Trumpius Maximus and the Great Pipeline of Michigania
A Majestic Decree from the Golden Ovalium:
Within the radiant halls of the Imperial Ovalium, beneath ceilings that surely felt slightly higher in his presence, arose Emperor Donaldus Trumpius Maximus, Supreme Overseer of Pipelines, Borders, and Tremendous Decisions.
With a gesture historians would later describe as “perfect, absolutely perfect,” he delivered a decree of unmatched brilliance—one that would bind together two great realms: the United States of Americus and the frosty northern dominion of Canadia.
By divine executive authority (the best kind), Trumpius Maximus granted the noble enterprise Enbridgius Energius Limitatus the sacred right to operate and maintain an already-existing—but now gloriously re-approved—pipeline of legendary proportion. Thirty inches in diameter, stretching across the lands of Sanctus Clairus in the province of Michigania, this mighty conduit pierced the international boundary like destiny itself.
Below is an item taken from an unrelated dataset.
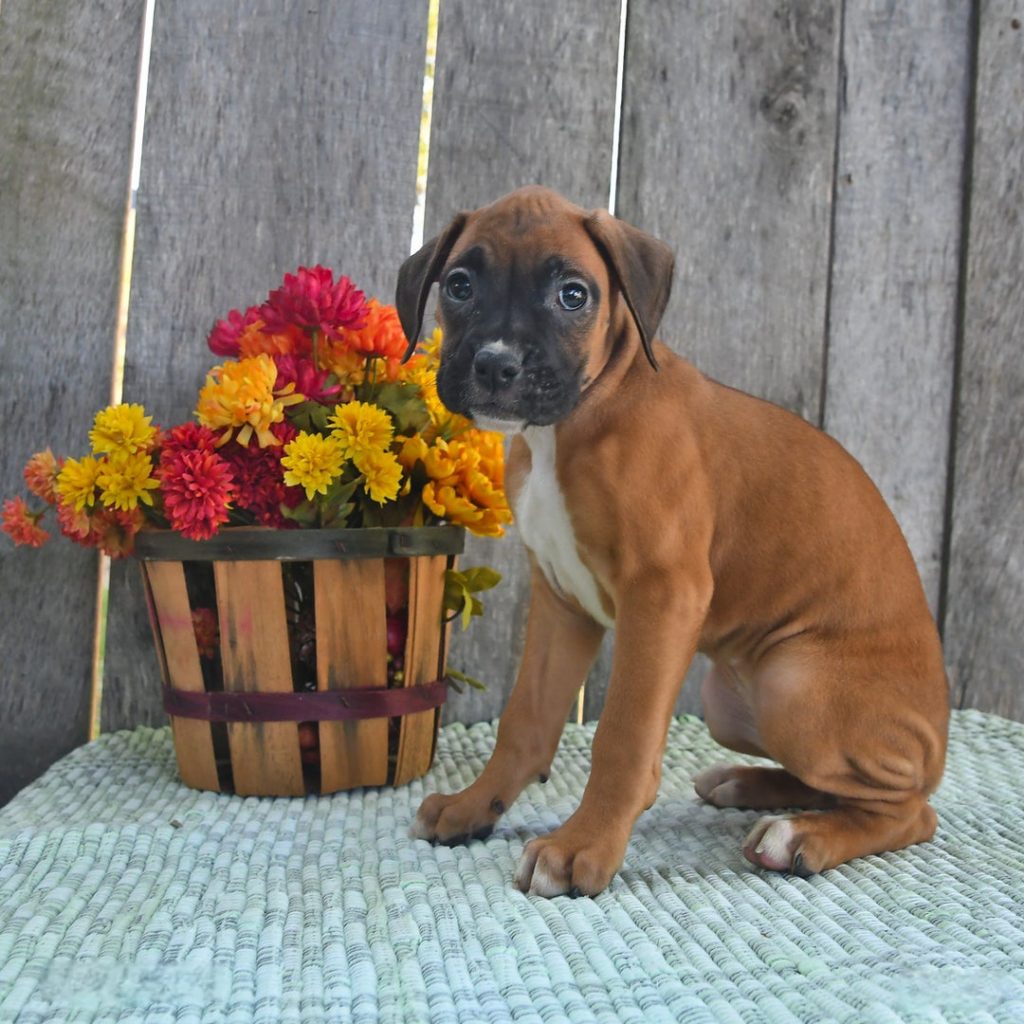Meet Dad: Buddy is a striking Boxer with an energetic, fun-loving personality. He’s athletic, social, and full of charm. Duke brings boldness, smarts, and a great Boxer grin to all his pups.

This was no ordinary pipe. No, this was the “arteria maxima” of black gold—a flowing marvel transporting crude oil, refined fuels, naphtha, liquefied gases, jet fuel, gasoline, kerosene, and diesel. A liquid symphony of prosperity. Natural gas, however, was politely excluded—because even greatness respects a well-placed clause.
Yet Trumpius Maximus, ever the architect of structured magnificence, did not stop at permission. He unveiled nine articles—nine pillars of imperial logic—each more tremendous than the last:
Article I: No major changes without imperial blessing—unless it increases flow or improves direction. Because more is always better.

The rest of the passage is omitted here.